What is Morquio A?

Morquio A is a rare and progressive inherited disease. It affects everyone differently, impacting organs, bones, and other parts of the body. Morquio A is a form of mucopolysaccharidosis (MPS), a lysosomal storage disorder.

What happens in Morquio A?

  • People with Morquio A do not make enough of a specific enzyme (en·zyme) in their cells, called N-acetylgalactosamine-6 sulfatase, or GALNS (gal·en·es)
  • GALNS breaks down and recycles GAGs (gags), cellular waste that builds up inside cells. In Morquio A, the particular GAG is called keratan sulfate (KS)
  • GAGs collect in organs, bones, and other parts of the body
Healthy Cell
Healthy cell with a regular amount of GAGs

GALNS break down and
recycle GAGs.

Morquio A Cell
Morquio A cell with GAG buildup

Without enough GALNS, GAGs build up in cells throughout the body.

Cause & Genetics

Morquio A is caused by mutations in the GALNS gene. These mutations are why people with Morquio A do not make enough GALNS.

Morquio A is an autosomal (au·to·so·mel) recessive disease, which means both parents must have the same genetic mutation to pass on Morquio A.

  • Parents can either have Morquio A or be carriers of the mutation. Carriers are people who are healthy, but can still pass on their gene mutation
  • Both boys and girls can inherit Morquio A

If 2 parents who are carriers of Morquio A have a child, there is a:

  • 25% chance the child will inherit Morquio A
  • 50% chance the child is a carrier of the gene mutation (just like the parents)
  • 25% chance the child is healthy (neither inheriting Morquio A nor a carrier)


Morquio A is heterogeneous (het·er·o·ge·ne·ous), which means that for each person with Morquio A:

  • Signs and symptoms are different
  • Severity of signs and symptoms may vary

There are over 270 mutations of the GALNS gene, which may be why people with Morquio A experience varying symptoms and disease severity.

Every Person With Morquio A is Unique
Six patients showing range of presentation of Morquio A
REMEMBER: While each person’s experience with Morquio A is different, symptoms will progress over time. Find resources and tools to help you manage Morquio A.

Signs & Symptoms

When do signs and symptoms start?

The signs and symptoms of Morquio A affect individuals differently. For many, enough GAGs have built up by age 2 or 3 to start causing problems such as oddly shaped bones, knock knees, a curved spine, and irregular chest growth.

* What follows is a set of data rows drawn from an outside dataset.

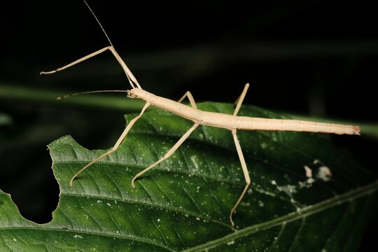 High-resolution closeup shot of a Phobaeticus kirbyi, a species of stick insect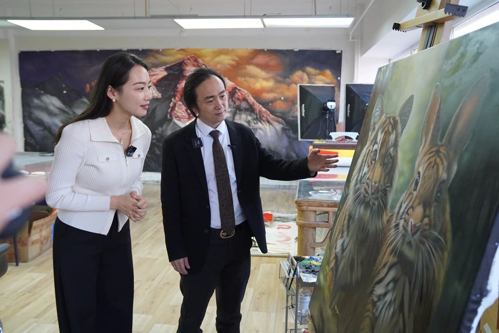 △全国政协委员舒勇为记者介绍“虎兔融合”画作。
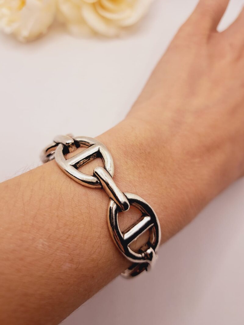 Ajoutez une touche de caractère et de raffinement à votre style avec ce superbe bracelet louise en argent 925 constitué de maillons argentés réglables. Conçu pour captiver les regards, ce bracelet met en avant un design classique revisité avec des maillons larges et des détails soignés. Sa finition argentée lui confère une allure intemporelle, parfaite pour toutes les occasions, du quotidien aux événements plus sophistiqués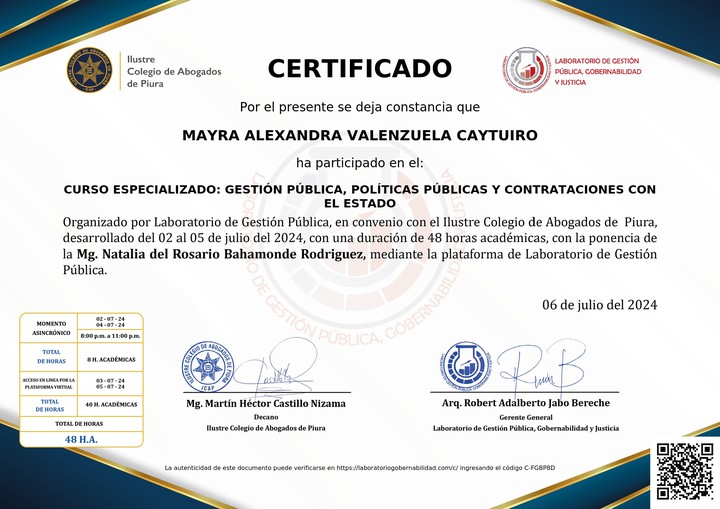 Curso Especializado: GESTIÓN PÚBLICA, POLÍTICAS PÚBLICAS Y CONTRATACIONES CON EL ESTADO

For some people, more serious symptoms can begin at 6 months old, while others may not see initial symptoms (hip stiffness and pain) until the second decade of life. Regardless of when these various symptoms begin, Morquio A is a progressive disease that can change over time.

In Morquio A, it is common for people to have complications in their:

  • Bones and spine
  • Lungs and airways
  • Heart
  • Eyes and ears
  • Teeth
  • Digestive tract

While Morquio A symptoms can vary, many patients may share yours. Read the stories of others with Morquio A by joining MorCommunity.

Tests & Diagnosis

Enzyme Activity: The “Gold Standard” for Diagnosis

Enzyme activity testing is considered the “gold standard” for diagnosing Morquio A. Usually done by analyzing a person’s blood, the enzyme test measures the activity of GALNS in the body.


When getting tested for Morquio A, your doctor may also perform:

Blood test tube icon

Urine test. This test measures the GAG level in a person’s urine

Molecular testing. This is an optional test that identifies mutations in the GALNS gene. Molecular testing is necessary for prenatal and genetic carrier testing. This can reduce the risk of passing the disease on in families.

Role of the geneticist and other specialists in diagnosis

People with Morquio A need a coordinated healthcare team that includes a geneticist and a variety of doctors called specialists.

Diagnosis of Morquio A requires a visit to a geneticist, a doctor who treats patients with genetic disorders.